Monday, May 19, 2014

Cincinnati woman claims ordination as priest

Saturday evening, before Mass, the genial parishioner who often serves that Mass asked me about a women he'd heard about, from Deer Park, who had been "ordained a priest."

"Is she really a priest?"

"No. She can no more become a priest than I can give birth."

"If she came here, could she offer Mass here?"

"Absolutely not."

I explained that Pope Saint John Paul II defined the matter infallibly in his 1994 apostolic letter regarding ordination. Then we started Holy Mass.

Now, of course, there are those in my parish who will disagree with this teaching. Surveys say lots of Catholics do, and I don't see any point in disputing those claims; because survey results don't dictate truth. Lots of people don't accept the theory of evolution. Would a majority rejecting that theory make it not true?

The reason the Church teaches this is straightforward: we lack the authority to do it. Our Savior chose men as his apostles, and the apostles -- who remain the best interpreters of our Lord's teaching --chose only men as bishops, priests and deacons. This is not in serious dispute. (I say "serious" because those who advocate for ordaining women frequently rely on sad, even embarrassing claims of historical research to butress their claims. Remember, being able to get something published doesn't mean a whole lot.)

The other question that comes up is why--why did our Lord do it this way? And of course, that's not a question anyone can definitively answer. We can only offer surmises. But I think it actually is connected to the other burning issue of our time, the redefinition of marriage, and the deconstruction of all notions of sex and gender.

Our society increasingly is buying the notion that sex and gender are simply constructs, and the desire to reconstruct these "identities" should prevail.
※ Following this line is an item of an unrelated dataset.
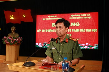 Sau gần 1 tháng học tập, dưới sự hướng dẫn của đội ngũ giảng viên có trình độ chuyên môn cao đến từ Học viện Quản lý giáo dục và Đại học Quốc gia, khoá học đã bổ sung những kiến thức mới và tiếp cận những phương pháp giảng dạy hiện đại như: những tình huống về sư phạm giảng dạy, tâm lý giáo dục đại học, ứng dụng công nghệ thông tin trong dạy học đại học... Quá trình học tập, các học viên đã nêu cao tinh thần trách nhiệm, gương mẫu trong học tập, nghiên cứu, chấp hành tốt điều lệnh CAND và các quy định của lớp học. Kết quả, 100% học viên tốt nghiệp đạt loại Khá trở lên.

So that means, for example, that if at your neighborhood school, a child "decides" he is now a she, everyone must agree with this, and that boy-now-girl will use the girls washroom and locker room, play on the girls sports teams. Oh, you think I'm making this up? Just two weeks ago, the Department of Education said this very thing.

Ultimately, this is a primal rebellion. Against God. God created us as humans, "male and female he created them." And it was the serpent who told Adam and Eve, eat this fruit, and you shall be as gods.

Here's the common point: do we believe that God creating humanity male and female is something essential to the truth about us, or not? If yes -- and this is what the Catholic Church believes -- then it seems reasonable to say that there is something masculine about priesthood, something fatherly. Note that in the history of Israel, there were women political leaders, women prophets, but never women priests. It wasn't unheard of; on the contrary, there were women involved in priestly/cultic activities among the nations around the Jews. And it isn't as if the Jews didn't absorb lots of things from these other cultures and societies. They did.

Advocates for ordaining women will dig for some obscure figure, either in the history of the Church or in the Bible, and say, "see, a woman priest!" But the really telling fact is that there is one woman who stands out as being as truly priestly as any woman might be, and yet they never point to her: Mary, the mother of the Lord.

What human being, male or female, was more united to the heart and mission of Jesus than her?

As Archbishop Fulton Sheen pointed out, she is the one human being who could look at Jesus and say, "this is my body...this is my blood." And no one made a greater and more costly sacrifice than she. Abraham was prepared to offer Isaac, but he was spared that. Mary really was asked to sacrifice her son, and she was not spared that. And she was there, at Calvary, when the offering was made.

And yet, who claims Mary was a priest? No one; because there's nothing whatsoever to support it.

Tell me, does it demean Mary that she wasn't a priest? A bishop? Please explain how.

I'm sorry for Mrs. Paula Hoeffer, because by her sacrilegious action, she has excommunicated herself. And by all appearances, she doesn't even realize that. Further, she has given scandal; there are likely to be a number of people who will follow her bad example.

One interesting note. The WCPO story that I linked says that Mrs. Hoeffer didn't want anyone to know what Protestant church hosted this attempted ordination. Why would that be? Why wouldn't they be proud to host it? (I think I know what church it was, by the way, but I'm checking on that.)

3 comments:

Aridog said...

Amusing. A Protestant church ordains a Catholic Priest. I suppose they'll be appointing Rabbis next.

It's hogwash. Next up...a book to be published: 5, 4, 3....

Jennifer said...

This really is very sad.

It is primal rebellion.

In part, I think many feminists are angry because it is a man's world. A smart woman can find her place in it, certainly. But we ultimately have to accept reality. Didn't Christ advise us to pick up our cross and carry it?

Thank you for another interesting post, Father Fox.

phil dunton said...

I t is likely the church rector, Eileen Reilly, is another former Catholic who hates the Catholic Church.